Segment Open

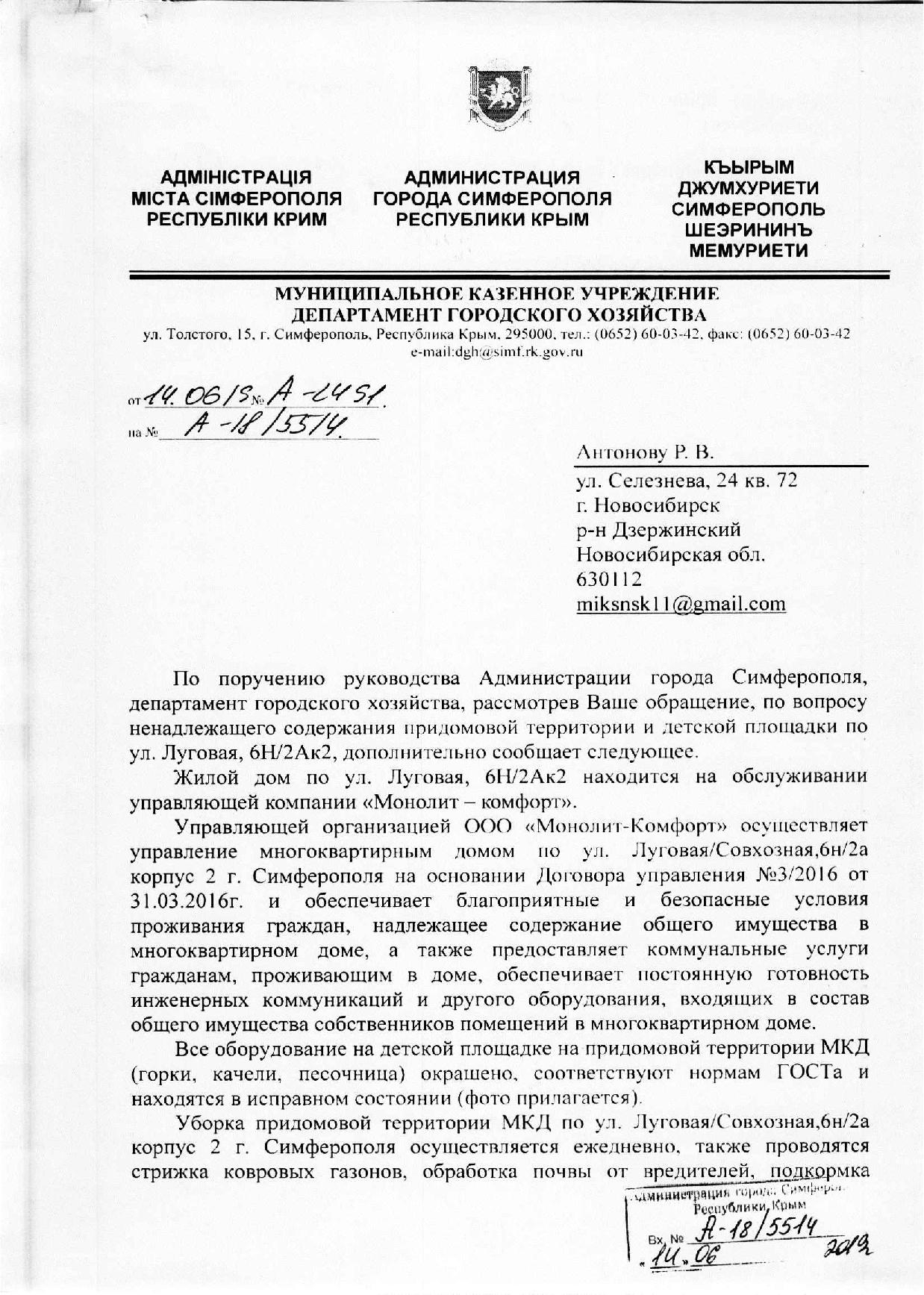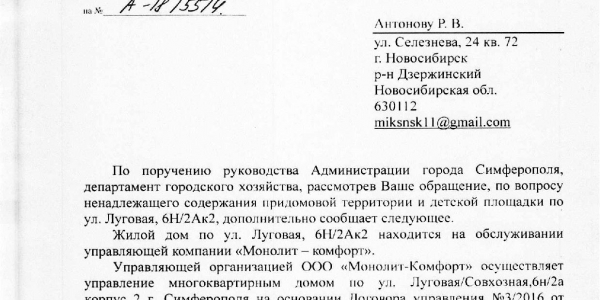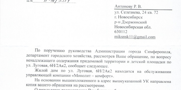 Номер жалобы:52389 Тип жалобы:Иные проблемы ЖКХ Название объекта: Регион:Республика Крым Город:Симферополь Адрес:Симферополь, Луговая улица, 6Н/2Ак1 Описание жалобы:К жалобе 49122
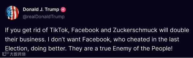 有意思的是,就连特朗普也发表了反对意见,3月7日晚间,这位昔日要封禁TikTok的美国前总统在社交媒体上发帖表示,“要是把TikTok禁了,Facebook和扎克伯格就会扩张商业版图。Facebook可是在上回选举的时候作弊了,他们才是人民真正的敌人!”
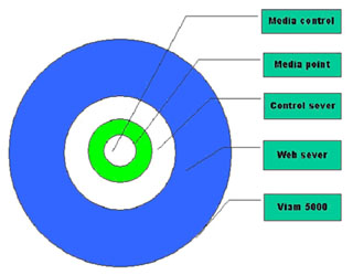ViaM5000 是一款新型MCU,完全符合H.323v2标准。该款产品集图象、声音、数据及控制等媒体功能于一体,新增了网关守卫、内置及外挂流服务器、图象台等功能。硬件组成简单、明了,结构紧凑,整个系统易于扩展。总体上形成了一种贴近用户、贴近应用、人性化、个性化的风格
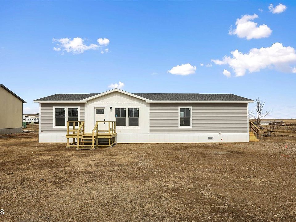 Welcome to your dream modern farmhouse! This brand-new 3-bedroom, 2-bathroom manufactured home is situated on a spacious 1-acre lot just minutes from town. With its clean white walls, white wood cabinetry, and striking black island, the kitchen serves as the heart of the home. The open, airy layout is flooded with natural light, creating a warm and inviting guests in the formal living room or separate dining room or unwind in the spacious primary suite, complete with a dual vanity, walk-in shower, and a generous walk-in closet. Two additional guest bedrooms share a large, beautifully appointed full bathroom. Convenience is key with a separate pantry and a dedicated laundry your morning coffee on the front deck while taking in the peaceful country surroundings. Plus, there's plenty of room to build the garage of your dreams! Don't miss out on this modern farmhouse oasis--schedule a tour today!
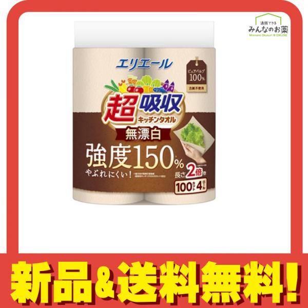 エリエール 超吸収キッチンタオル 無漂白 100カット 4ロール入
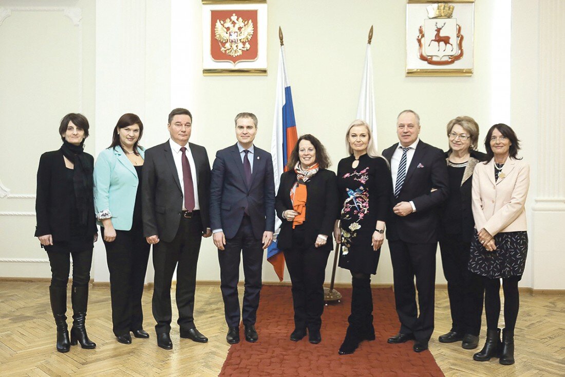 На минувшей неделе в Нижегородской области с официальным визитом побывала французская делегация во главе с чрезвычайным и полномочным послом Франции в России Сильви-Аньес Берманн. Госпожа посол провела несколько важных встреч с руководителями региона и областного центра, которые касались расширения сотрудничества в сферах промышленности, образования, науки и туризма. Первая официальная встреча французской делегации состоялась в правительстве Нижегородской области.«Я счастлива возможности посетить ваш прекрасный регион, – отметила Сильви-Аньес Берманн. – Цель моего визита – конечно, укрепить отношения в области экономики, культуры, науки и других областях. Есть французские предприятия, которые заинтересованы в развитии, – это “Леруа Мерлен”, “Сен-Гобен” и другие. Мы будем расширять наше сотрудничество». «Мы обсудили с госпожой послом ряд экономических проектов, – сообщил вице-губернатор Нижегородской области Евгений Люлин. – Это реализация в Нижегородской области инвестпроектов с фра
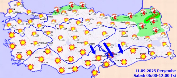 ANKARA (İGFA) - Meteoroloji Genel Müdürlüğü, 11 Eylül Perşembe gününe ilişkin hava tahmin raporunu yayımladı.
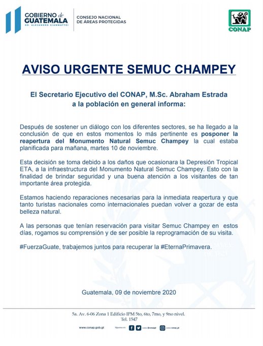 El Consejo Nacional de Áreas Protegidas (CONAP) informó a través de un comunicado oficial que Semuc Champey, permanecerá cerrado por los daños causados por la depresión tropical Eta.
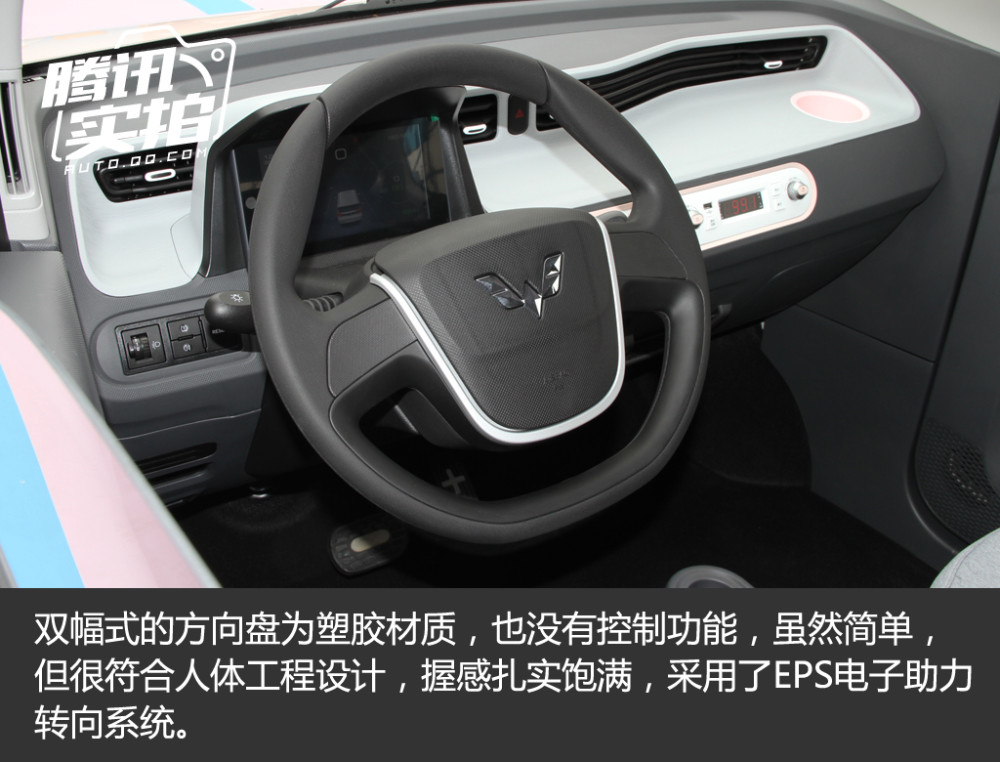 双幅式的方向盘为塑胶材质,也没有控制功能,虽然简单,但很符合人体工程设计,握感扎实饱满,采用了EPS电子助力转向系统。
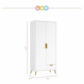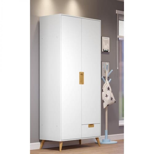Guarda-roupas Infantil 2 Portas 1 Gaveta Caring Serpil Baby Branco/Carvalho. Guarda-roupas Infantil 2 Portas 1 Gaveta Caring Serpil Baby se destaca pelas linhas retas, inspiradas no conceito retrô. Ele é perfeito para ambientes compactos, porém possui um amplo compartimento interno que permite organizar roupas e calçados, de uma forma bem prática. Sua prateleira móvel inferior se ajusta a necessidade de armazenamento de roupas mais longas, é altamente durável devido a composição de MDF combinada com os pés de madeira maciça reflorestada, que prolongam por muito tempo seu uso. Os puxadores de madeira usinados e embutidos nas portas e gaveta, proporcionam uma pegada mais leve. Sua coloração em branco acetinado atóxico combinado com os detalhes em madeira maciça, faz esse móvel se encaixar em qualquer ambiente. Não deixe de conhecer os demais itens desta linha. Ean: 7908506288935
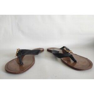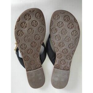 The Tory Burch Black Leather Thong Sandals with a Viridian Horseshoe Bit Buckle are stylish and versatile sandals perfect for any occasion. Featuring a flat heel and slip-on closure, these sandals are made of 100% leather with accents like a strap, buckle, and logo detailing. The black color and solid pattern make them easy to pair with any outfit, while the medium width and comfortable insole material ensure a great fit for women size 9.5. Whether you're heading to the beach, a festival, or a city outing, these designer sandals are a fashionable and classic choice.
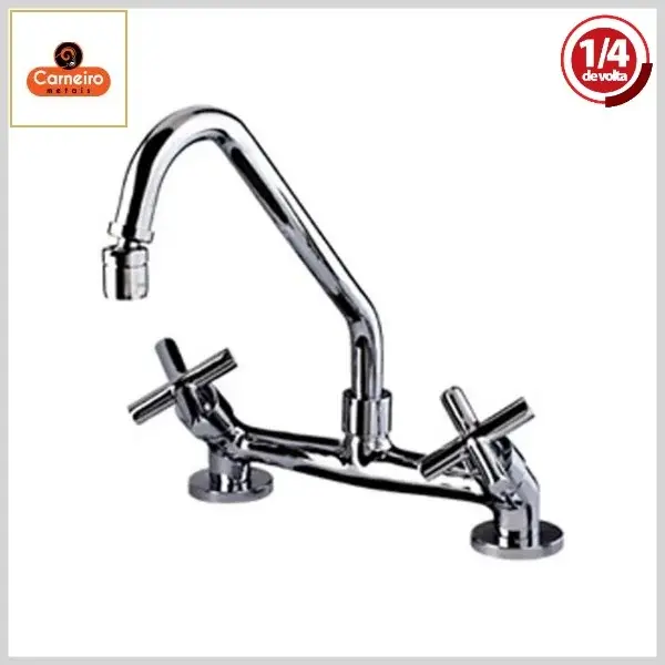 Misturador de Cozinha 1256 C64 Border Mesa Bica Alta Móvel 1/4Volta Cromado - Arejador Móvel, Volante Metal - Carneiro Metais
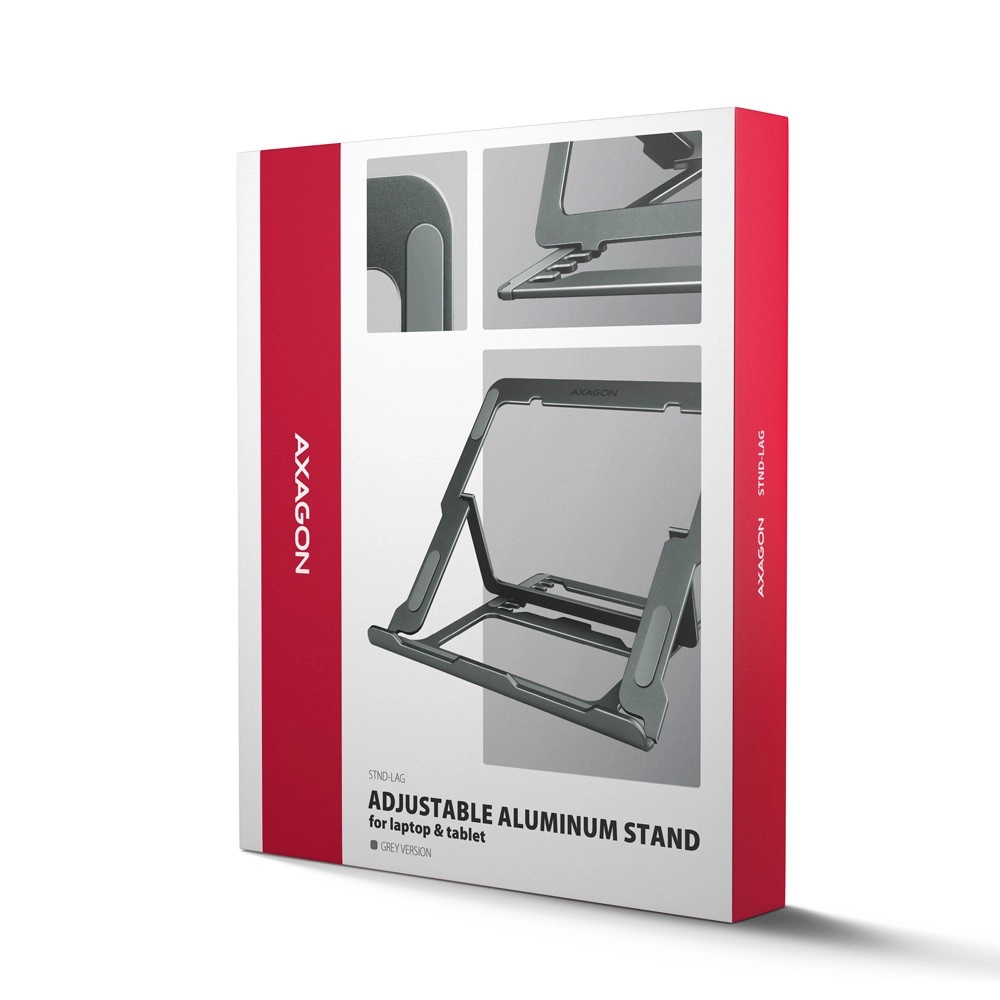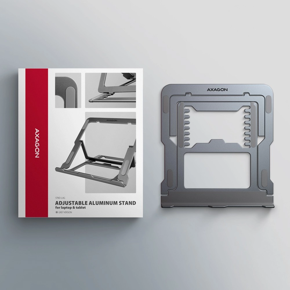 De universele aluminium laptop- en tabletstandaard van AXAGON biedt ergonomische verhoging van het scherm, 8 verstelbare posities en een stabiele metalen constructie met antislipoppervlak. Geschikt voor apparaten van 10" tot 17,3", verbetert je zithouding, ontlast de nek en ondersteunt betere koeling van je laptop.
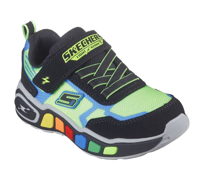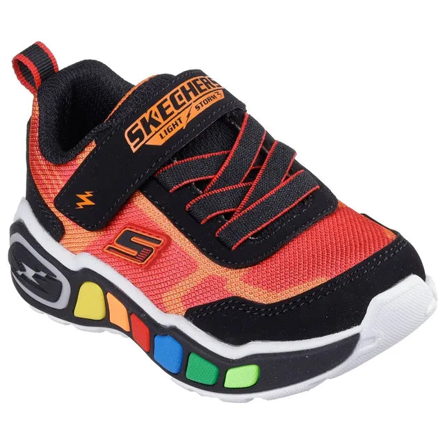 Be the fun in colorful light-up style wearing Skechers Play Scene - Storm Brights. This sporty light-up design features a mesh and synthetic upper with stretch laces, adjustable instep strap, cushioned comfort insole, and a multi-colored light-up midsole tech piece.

Segment Closed

◆ **EXERCISE REQUIREMENTS**:
Give again the stretch of lines above from the one with "ANKARA (İGFA) - Meteoroloji" through the one with "双幅式的方向盘为塑胶材质,也", both ends kept, and copy no pictures.

◆ **TASK RESPONSE**:
 ANKARA (İGFA) - Meteoroloji Genel Müdürlüğü, 11 Eylül Perşembe gününe ilişkin hava tahmin raporunu yayımladı.
 El Consejo Nacional de Áreas Protegidas (CONAP) informó a través de un comunicado oficial que Semuc Champey, permanecerá cerrado por los daños causados por la depresión tropical Eta.
 双幅式的方向盘为塑胶材质,也没有控制功能,虽然简单,但很符合人体工程设计,握感扎实饱满,采用了EPS电子助力转向系统。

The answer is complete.